En regard de ce que nous révèle l’histoire contemporaine du pays, l’homogénéité culturelle, ethnique et religieuse, résultat d’un long processus intégratif, témoigne cependant de l’inexistence d’éléments pouvant réellement menacer l’intégrité ou la cohésion de la Tunisie, même si certains s’y sont essayé, et n’y ont toujours pas renoncé. Cette donnée capitale est en mesure d’offrir aux Tunisien(ne)s les conditions indispensables à la réalisation de leurs ambitions politiques les plus optimistes, d’autant plus qu’ils disposent de ressources naturelles et d’un patrimoine institutionnel et culturel  qui autorise toutes les ambitions. Ces ambitions restent tributaires de l’union de toutes les bonnes volontés, intégrant tous les courants de pensée, et toutes les disciplines, dans un état d’esprit éloigné de tout clivage partisan, pour relever ce merveilleux défi qui est celui de bâtir une Tunisie digne de son patrimoine historique et culturel, où plus aucun de ses enfants ne sera soumis à l’arbitraire, ou encore contraint à l’exil.
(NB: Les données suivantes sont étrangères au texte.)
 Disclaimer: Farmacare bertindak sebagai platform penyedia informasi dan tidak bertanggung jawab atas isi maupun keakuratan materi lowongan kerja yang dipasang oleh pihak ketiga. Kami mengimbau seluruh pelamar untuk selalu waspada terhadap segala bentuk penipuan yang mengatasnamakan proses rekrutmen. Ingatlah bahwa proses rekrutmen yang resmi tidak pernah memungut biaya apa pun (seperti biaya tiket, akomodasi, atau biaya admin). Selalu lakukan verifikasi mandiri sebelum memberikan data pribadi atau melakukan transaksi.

Le directeur de l’ouvrage, Hedi Saidi, est historien et Chevalier de la Légion d’Honneur. Il a dirigé plusieurs ouvrages sur l’histoire coloniale et la mémoire de l’immigration. Il est également conférencier Team Europe (Commission européenne) et a publié en 2010 Le collège Anne Frank de Roubaix. Les élèves et leurs implications dans l’Histoire.

4e de couverture

Notre souci est de faire émerger les passages négligés de notre histoire partagée sans trop insister néanmoins sur les incompréhensions et les préjugés qui en constituent souvent l’arrière-plan. Il s’agissait en effet pour nous de remplacer le « choc des civilisations » par le « choc des ignorances et des méfiances » et d’évoquer le moins possible ces mariages/divorces forcés entre Orient et Occident, phénomène encore porteur d’incompréhension et de rejet réciproques.
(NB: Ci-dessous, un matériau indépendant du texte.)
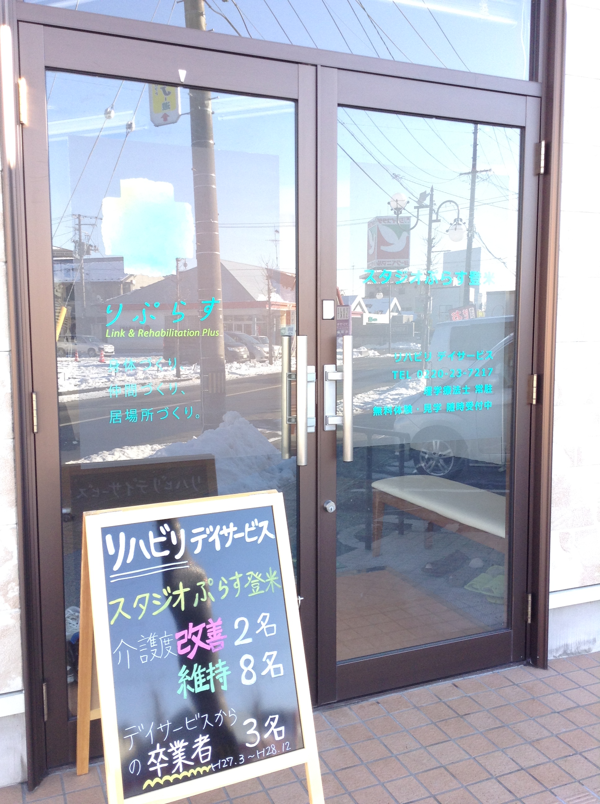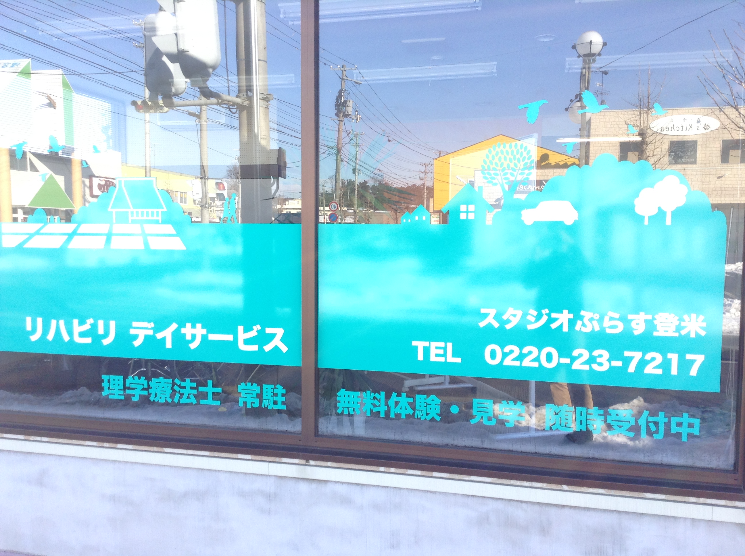 【開所1周年を前に外観をリニューアル】 デイサービス 2016年01月22日 スタジオぷらす登米の外観が変わりました。 今までは大きな窓ガラスにお手製の印刷物を貼っておりました。 今回、スタジオぷらす登米開所1周年を前に、業者へ依頼し写真のようになりました。 これまではやや殺風景でしたが、だいぶ雰囲気が明るくなりました。 また、歩道から施設内が丸見え状態になっていたの改善され、利用者さんからも好評です。 お近くまでいらっしゃることがありましたら、お気軽にお立ち寄りください! スタジオ登米・管理者 理学療法士 小田智樹 一般社団法人りぷらすweb sitePR

La révolution tunisienne, le peuple tunisien réputé « gentil », « accueillant » selon les agences et guides touristiques, ont marqué la fin de l’orientalisme. Nous ne parlons pas de la grande tradition orientalise littéraire et artistique du XIXe siècle, la plus noble, celle qui a participé à sa manière à la constitution d’un patrimoine collectif, mais de cet orientalisme galvaudé, devenu idéologique, dont les propagateurs sont Bernard Lewis et les néoconservateurs : « la démocratie ne peut être qu’imposée d’en haut et par la violence », « les Arabes ne comprennent que le langage de la force ».

Autre théorie discréditée par cette révolution, celle de Francis Fukuyama soutenant qu’avec le triomphe des valeurs néolibérales portées par l’Occident, advient la fin de l’histoire. Or les Tunisiens reviennent à l’histoire et la réécrivent à leur tour, ils remettent en marche cette histoire qui leur avait échappé.

Enfin, le soulèvement du peuple tunisien a mis à mal la théorie du choc des civilisations chère à Samuel Huntington, puisque, durant cette révolution, on n’a pas scandé de slogans hostiles à l’Occident. Bien au contraire, les doléances des manifestant(e)s étaient : dignité, liberté, démocratie et droits de l’homme, doléances qu’on entend tout aussi bien dans les pays occidentaux.

Nous pouvons dire que l’histoire a trouvé avec cette révolution tunisienne, qu’on a appelé en Europe « révolution du jasmin », un nouveau sujet de développement.

Ce travail, émanant d’historiens venus tant de Tunisie que de l’extérieur et entrepris depuis l’avènement de cette révolution, contribue indubitablement à enrichir l’étude de l’histoire de l’humanité.

SAIDI Hedi(dir.), La Tunisie réinvente l’histoire : récits d’une révolution. Un passé troublé et un présent sous pression, Paris, L’Harmattan, 2012, 249 p.